(Data extract Opens)

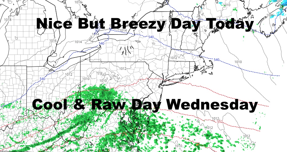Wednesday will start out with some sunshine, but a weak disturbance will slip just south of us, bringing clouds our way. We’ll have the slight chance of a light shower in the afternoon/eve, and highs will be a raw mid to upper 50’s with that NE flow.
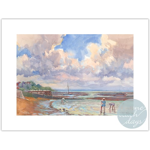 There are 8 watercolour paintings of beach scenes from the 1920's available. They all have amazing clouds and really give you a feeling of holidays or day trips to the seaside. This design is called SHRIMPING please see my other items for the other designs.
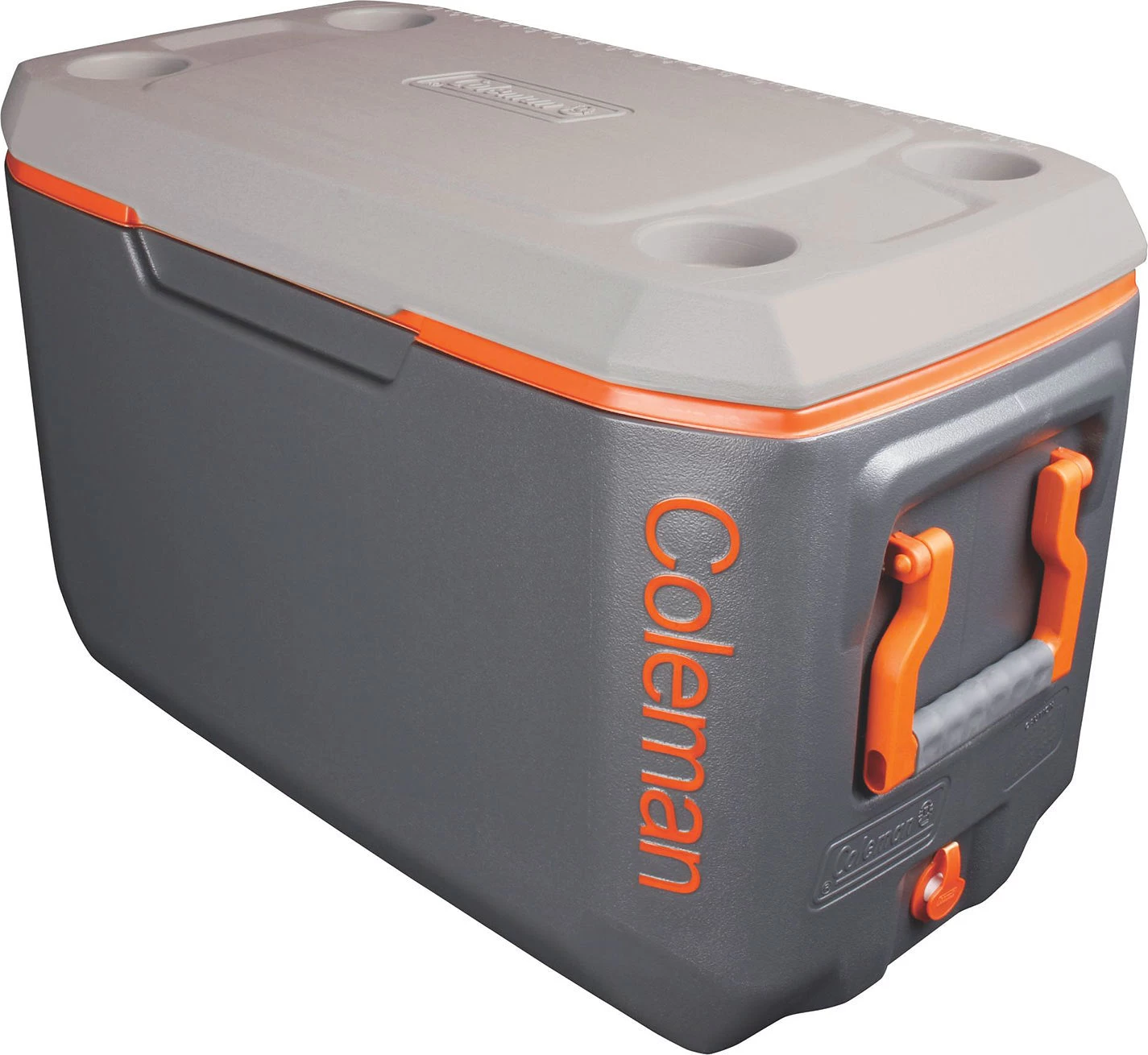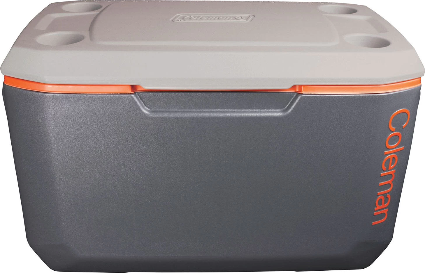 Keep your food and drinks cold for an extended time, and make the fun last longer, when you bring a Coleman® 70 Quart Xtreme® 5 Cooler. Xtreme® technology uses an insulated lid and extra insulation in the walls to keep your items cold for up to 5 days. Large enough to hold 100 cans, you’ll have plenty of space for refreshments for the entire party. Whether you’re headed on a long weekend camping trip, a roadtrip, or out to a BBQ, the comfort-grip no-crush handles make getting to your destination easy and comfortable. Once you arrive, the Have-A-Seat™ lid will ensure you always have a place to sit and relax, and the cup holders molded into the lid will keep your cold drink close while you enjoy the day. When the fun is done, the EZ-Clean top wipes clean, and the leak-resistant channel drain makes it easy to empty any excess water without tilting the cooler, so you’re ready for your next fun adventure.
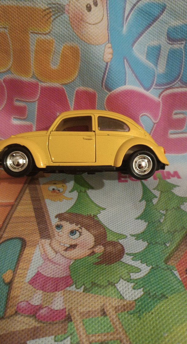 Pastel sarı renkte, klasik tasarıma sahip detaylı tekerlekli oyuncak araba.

(Data extract Closes)

The task: Copy the listing above exactly, minus the pictures.

Reply:
Wednesday will start out with some sunshine, but a weak disturbance will slip just south of us, bringing clouds our way. We’ll have the slight chance of a light shower in the afternoon/eve, and highs will be a raw mid to upper 50’s with that NE flow.
 There are 8 watercolour paintings of beach scenes from the 1920's available. They all have amazing clouds and really give you a feeling of holidays or day trips to the seaside. This design is called SHRIMPING please see my other items for the other designs.
 Keep your food and drinks cold for an extended time, and make the fun last longer, when you bring a Coleman® 70 Quart Xtreme® 5 Cooler. Xtreme® technology uses an insulated lid and extra insulation in the walls to keep your items cold for up to 5 days. Large enough to hold 100 cans, you’ll have plenty of space for refreshments for the entire party. Whether you’re headed on a long weekend camping trip, a roadtrip, or out to a BBQ, the comfort-grip no-crush handles make getting to your destination easy and comfortable. Once you arrive, the Have-A-Seat™ lid will ensure you always have a place to sit and relax, and the cup holders molded into the lid will keep your cold drink close while you enjoy the day. When the fun is done, the EZ-Clean top wipes clean, and the leak-resistant channel drain makes it easy to empty any excess water without tilting the cooler, so you’re ready for your next fun adventure.
 Pastel sarı renkte, klasik tasarıma sahip detaylı tekerlekli oyuncak araba.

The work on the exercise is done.